Top of RECORDED DATA

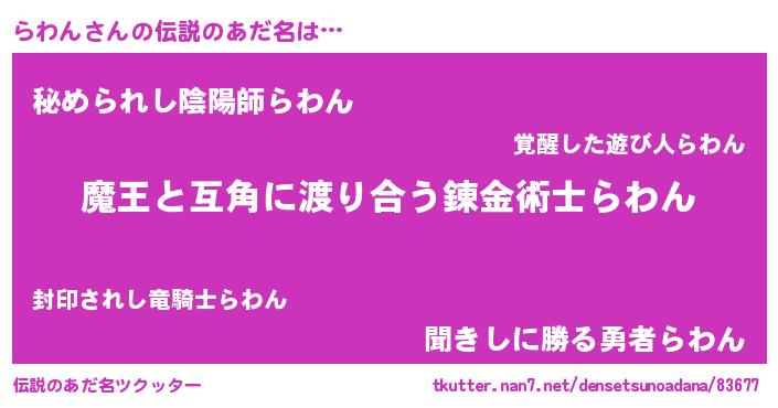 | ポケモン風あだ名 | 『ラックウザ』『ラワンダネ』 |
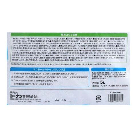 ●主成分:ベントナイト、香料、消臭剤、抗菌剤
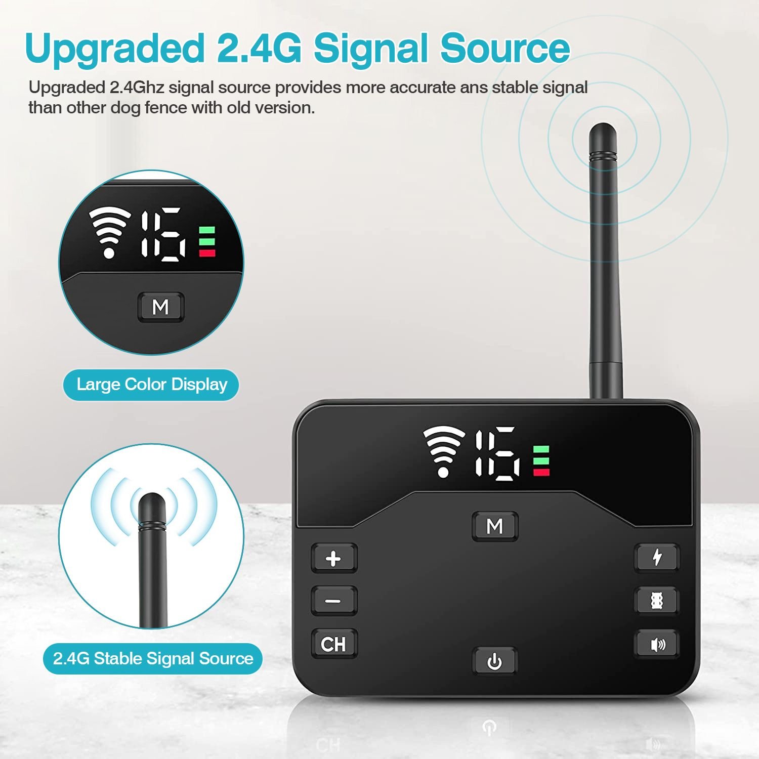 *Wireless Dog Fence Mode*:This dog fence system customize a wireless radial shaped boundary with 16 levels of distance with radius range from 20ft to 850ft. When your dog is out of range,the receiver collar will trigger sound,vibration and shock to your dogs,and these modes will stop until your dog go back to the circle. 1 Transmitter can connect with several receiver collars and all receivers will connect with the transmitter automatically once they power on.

Bottom of RECORDED DATA

### YOUR GOAL
Output the data above exactly; pictures do not belong in the copy.

### ANSWER SECTION
 | ポケモン風あだ名 | 『ラックウザ』『ラワンダネ』 |
 ●主成分:ベントナイト、香料、消臭剤、抗菌剤
 *Wireless Dog Fence Mode*:This dog fence system customize a wireless radial shaped boundary with 16 levels of distance with radius range from 20ft to 850ft. When your dog is out of range,the receiver collar will trigger sound,vibration and shock to your dogs,and these modes will stop until your dog go back to the circle. 1 Transmitter can connect with several receiver collars and all receivers will connect with the transmitter automatically once they power on.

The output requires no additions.